It is no secret that telecommunications companies, which include wireless phone service providers, Internet service providers, and pay TV providers, have faced significant challenges providing excellent customer service. Due to the sheer breadth of their offerings, the relatively technical nature of their products and services, and seemingly ever-increasing prices, it is no wonder that telecommunications providers as a group have traditionally received lower customer rating scores, compared with companies in other industries.

Qualtrics’ 2020 XMI Customer Ratings found that wireless providers had average customer ratings that fell into the “Okay” category, falling well short of industries such as fast food, streaming media, retail, and grocery.

Source: https://www.qualtrics.com/blog/xmi-customer-ratings-benchmark-data/

One way to combat this problem is to deploy sentiment analysis in customer call centers. Sentiment analysis provides a window into how a customer is feeling (elated, frustrated, angry), which, when correlated with specific actions, can not only provide insight into how your customers are feeling about your product offerings, but also provide a window into the customer-facing strategies, tactics, and approaches that are resonating (or irritating) your customers. Most notably, angry or frustrated customers are more likely to switch to another provider that they perceive has empathy for their situation, and sentiment analysis can be used to identify specific periods within an interaction where customer empathy should be prioritized.

“As we all know, the biggest frustrations with telco services are getting routed to the menu from hell where you can’t get out of it—you can’t get to a live person, and not being able to resolve the issue with one phone call,” says Darin Gull, president and general manager of TRACI.net Communications Consulting & Solutions, a voice services and solutions provider based in Deerfield, Beach, Florida. “So, what the industry is doing right now is using a lot of AI to help improve that customer sentiment.”

Gull says that using artificial intelligence (AI) to search for phrases that point to customer sentiment (such as “I’m angry you don’t offer this feature,” or “Thank you, you saved me so much time,”) allows call centers to home in on the interactions and agents that are eliciting specific emotions, which can then be analyzed to improve agent performance, ensure compliance with rules and regulations, and better understand the root cause of customers’ feelings about the company.

Although deploying sentiment analysis takes times (Gull notes that setting up sentiment analysis programs takes time and requires ongoing monitoring and evaluation), it can yield several benefits.

Capture nuances in agent performance

Traditional call center key performance indicators (KPIs), such as average call duration or first call resolution, may not capture how effective agents are at actually providing great customer experiences. Longer calls, which may appear to indicate that an agent is having difficulty resolving an issue, may actually be the result of an agent showing empathy and developing a rapport with a customer, which could engender more customer loyalty. Conversely, simply looking at first call resolution as a metric may ignore warning signs, such as agents failing to listen to a customer’s full complaint, or agents rushing the customer off the phone. Sentiment analysis can be used to better understand the interactions between call center agents and to identify top performing agents or strategies.
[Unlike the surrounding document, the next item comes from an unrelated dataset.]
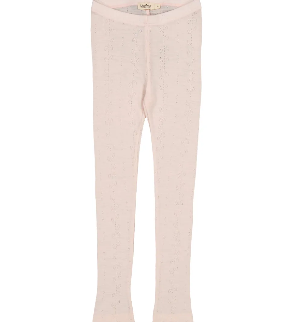 Elegante MarMar leggings i en lys rosa farve og lavet i en let uldkvalitet. MarMar leggings har et smukt hulmønster, som tilføjer et strejf af stil. Perfekt pasform sikrer komfort hele dagen.

Allow the company to quickly identify and focus on negative customer interactions

It is impossible to review every customer engagement. The use of sentiment analysis may help identify which calls had negative sentiment, allowing quality assurance (QA) evaluators to zero in on the agents and types of interactions that may have the most negative impact on the overall customer relationship.
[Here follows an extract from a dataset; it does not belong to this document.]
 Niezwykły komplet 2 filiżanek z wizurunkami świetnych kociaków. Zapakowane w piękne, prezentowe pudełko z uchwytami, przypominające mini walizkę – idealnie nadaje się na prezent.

Identify cross-selling and upselling opportunities

Sentiment analysis can also be used to identify positive sentiment, as well as situations in which the customer is demonstrating interest. By analyzing a customer’s sentiment throughout a call, and cross-referencing it with specific keywords or phrases, agents can identify the best opportunity within a call to cross-sell or upsell, identify phrases or words to which customers respond positively, and avoid phrases that hinder or shut down opportunities to drive additional revenue.

Cross correlate sentiment with other contact center KPIs

Sentiment data can also be used to identify correlations between agent actions and other key metrics, such as customer retention rate, average hold time, product line, and call duration. Sentiment analysis can provide additional color to better understand how products and services are received by the customer, and also identify they key drivers of both positive and negative sentiment.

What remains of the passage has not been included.